Emulsion and interfacial properties of blended potato-lupin protein systems

The demand for plant-based proteins in emulsified foods has grown, necessitating deeper insights into how individual components and blends of plant proteins behave in oil-water systems. We examined potato (PPI) and lupin protein isolate (LPI), alone and in blends, at varying concentrations (1.0 %, 0.5 %, 0.1 %, 0.01 %) in oil-in-water emulsions produced by microfluidisation. Emulsions were analysed for droplet size distribution, and the protein content and protein composition of the aqueous phases were determined. Additionally, interfacial tension (IFT) was measured using pendant drop tensiometry. At 1.0 % total protein concentration, PPI formed small droplets (dx(50) = 0.83 ± 0.05 µm), whereas LPI exhibited median particle sizes around 3.45 ± 1.95 µm. The trend reversed at 0.1 % protein concentration. Blended systems showed significant droplet aggregation. Pendant drop tensiometry indicated that PPI effectively lowered IFT (9.19 ± 0.07 mN/m at 1.0 % total protein after 120 min), although adequate protein concentrations were necessary for a rapid decrease. LPI reduced IFT more rapidly at lower concentrations but maintained a higher IFT after 120 min compared to PPI at 1.0 % (11.55 ± 0.52 mN/m).
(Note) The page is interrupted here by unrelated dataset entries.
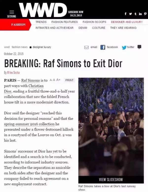 在聲明中,拉夫·西蒙 (Raf Simons)表示這是一個經(jīng)過深思熟慮后的決定,卸任Christian Dior 迪奧女裝創(chuàng)意總監(jiān)是完全基于其個人意愿的決定,他希望此后能夠?qū)W⒂诎ㄆ鋫人同名品牌在內(nèi)的其它興趣。同時,他也感謝Bernard Arnault和Sidney Toledano給予自己的信任和支持,很榮幸曾有機(jī)會和如此優(yōu)秀的團(tuán)隊(duì)合作。自此,2016春夏系列成了拉夫·西蒙 (Raf Simons)的Dior謝幕秀。
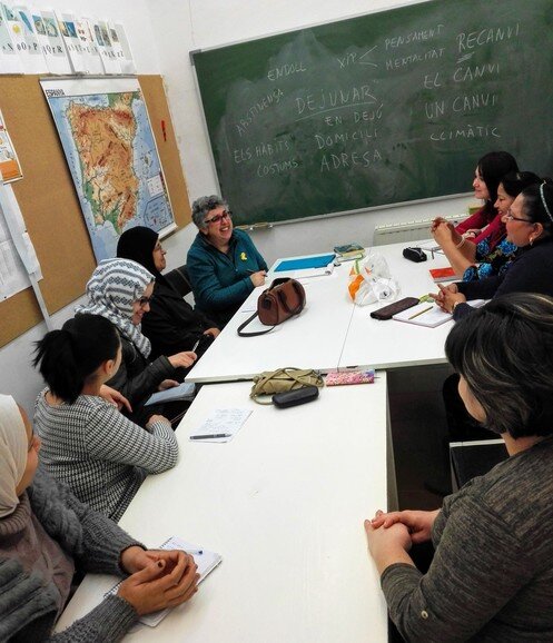 Una aprenenta és del Panjab i l'altra és basca. Totes dues estudien català a l'Oficina de Català d'Arbúcies i avui han conegut les seves parelles lingüístiques, dues arbucienques amb ganes de compartir el seu temps lliure i ajudar a practicar el català.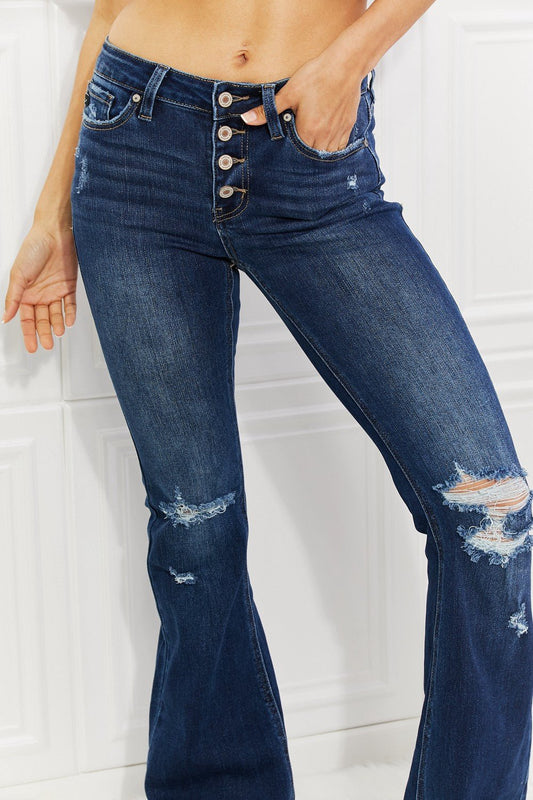 Button Fly Flare Jeans
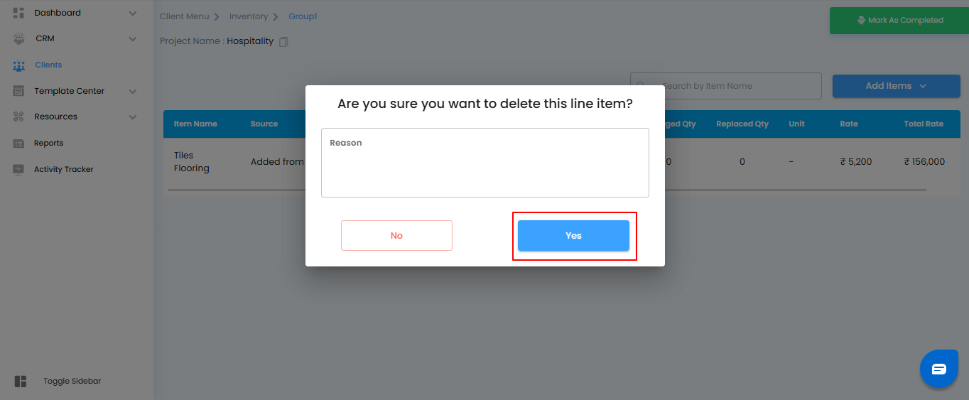 - A confirmation popup will appear asking if you are sure you want to remove the item.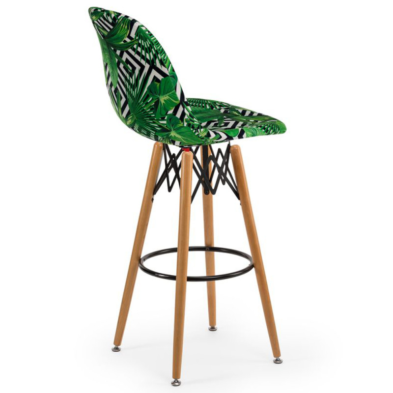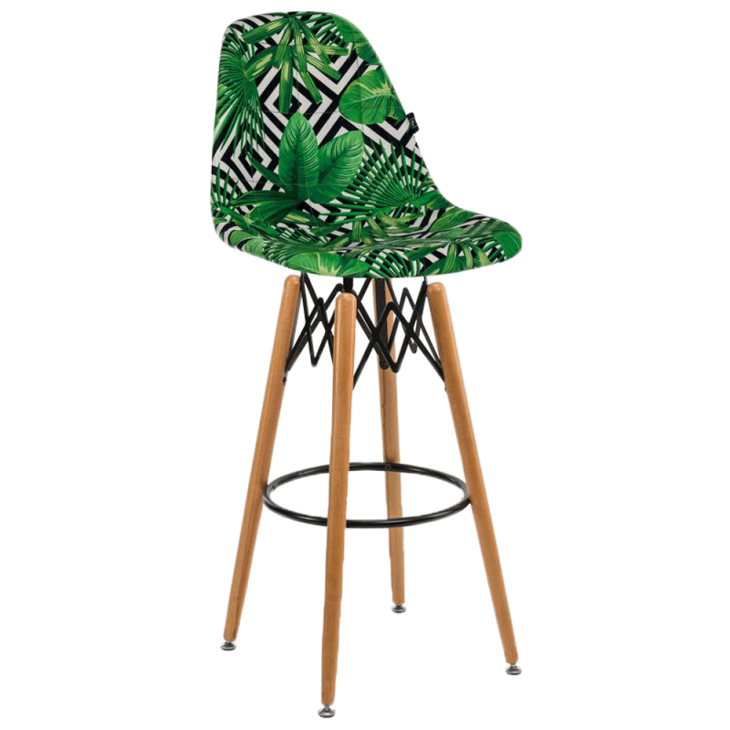Стілець Eos-V Bar Pad відрізняється елегантним поєднанням різних тканин. EOS це нова надихаюча марка поп-арт культури, підходить для використання практично в будь-якому місці. Барний стілець ідеально підходить для будинку, їдальні. Конусні міцні ніжки виготовлені з масиву натурального дерева бук з оригінальними металевими опорами, є зручна кільцева перекладина для ніг.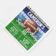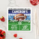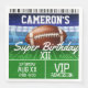 These party napkins feature an American football theme on a green background, designed to resemble a game ticket. A barcode is placed at the top, with the event information printed below. A sample "Super Birthday" title is printed in the centre, followed by Roman numerals to indicate the birthday year. An image of a stadium and field are pictured in the background, with a large football placed overtop.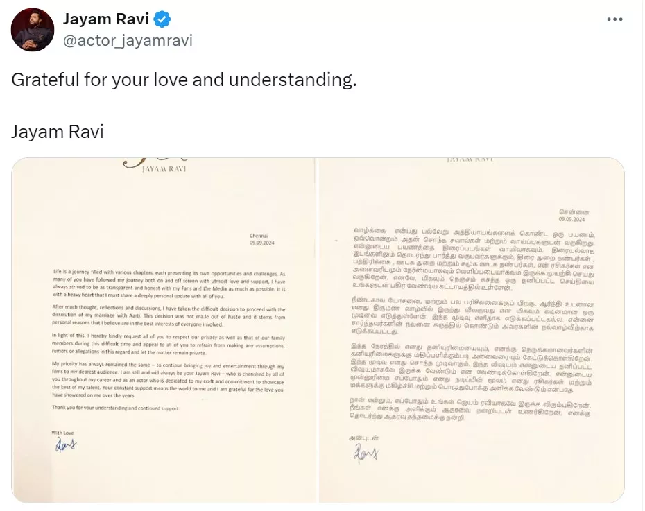 Taking to his X handle (formerly Twitter), Jayam Ravi posted two pictures of the statement in English and Tamil and announced that he had parted ways with his wife, Aarti. The actor, who ended his 15 years of marriage, called it a mutual decision. His statement can be read as: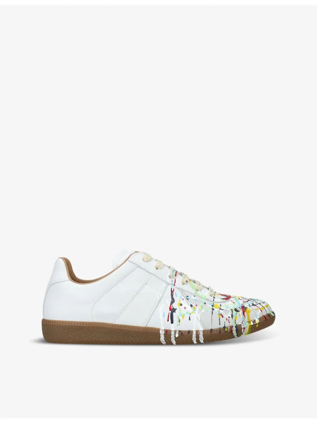 PRODUCT DETAILS - Maison Margiela leather low-top trainers - 100% leather - Lace-up fastening - Round closed toe, paint splatter design, branded insole, contrast sole - Specialist leather clean - Upper: 100% leather - Lining: 100% cotton - Sole: 100% rubber Ref: R04384722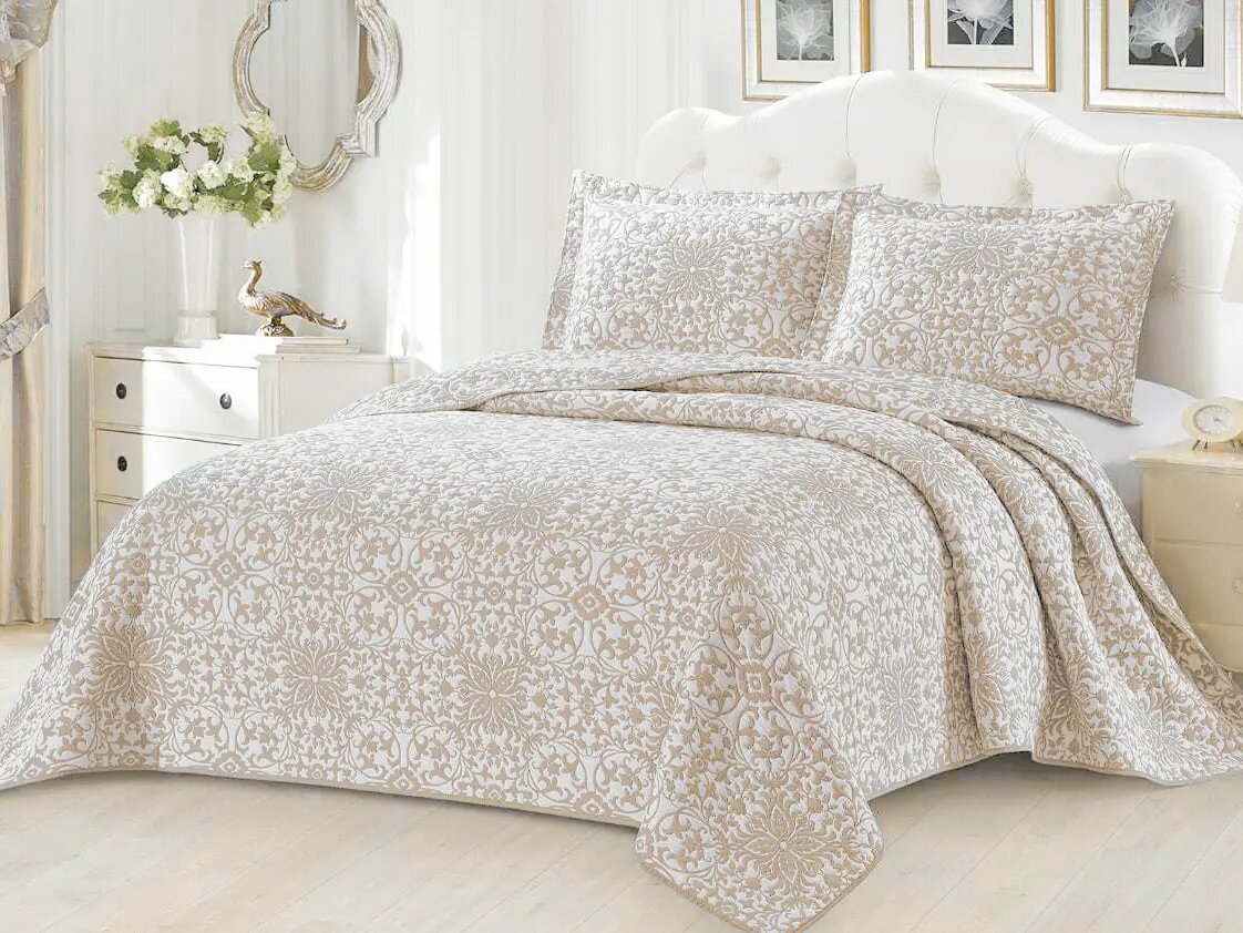 Покрывало двустороннее, что является его несомненным преимуществом. Покрывала Белиссимо эффектны и практичны, они не требуют специального ухода, не мнутся, быстро сохнут. Покрывало хорошо держит форму даже после долгого использования, не тянется и не линяет. Покрывала упакованы в стильные сумки, выполненные в классической бежево-коричневой гамме.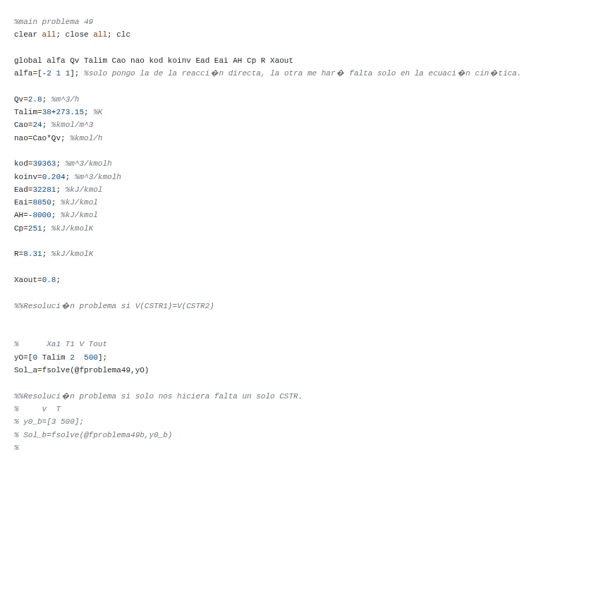 He publicado nuevos ejercicios de 3º DISEÑO DE REACTORES I: solutionproblem51.m

In blends, the strong tension-lowering effect of PPI dominated at higher protein concentrations, while LPI fractions reduced IFT more rapidly at lower concentrations, highlighting a concentration-dependent interaction. Protein composition analysis confirmed that key PPI fractions readily adsorbed at the interface, while blending promoted depletion of selected lupin fractions from the continuous phase. The findings suggest that combining potato and lupin proteins can be used to tune emulsion properties in a concentration- and blend-ratio-dependent manner, offering valuable insights for formulating plant-based emulsions.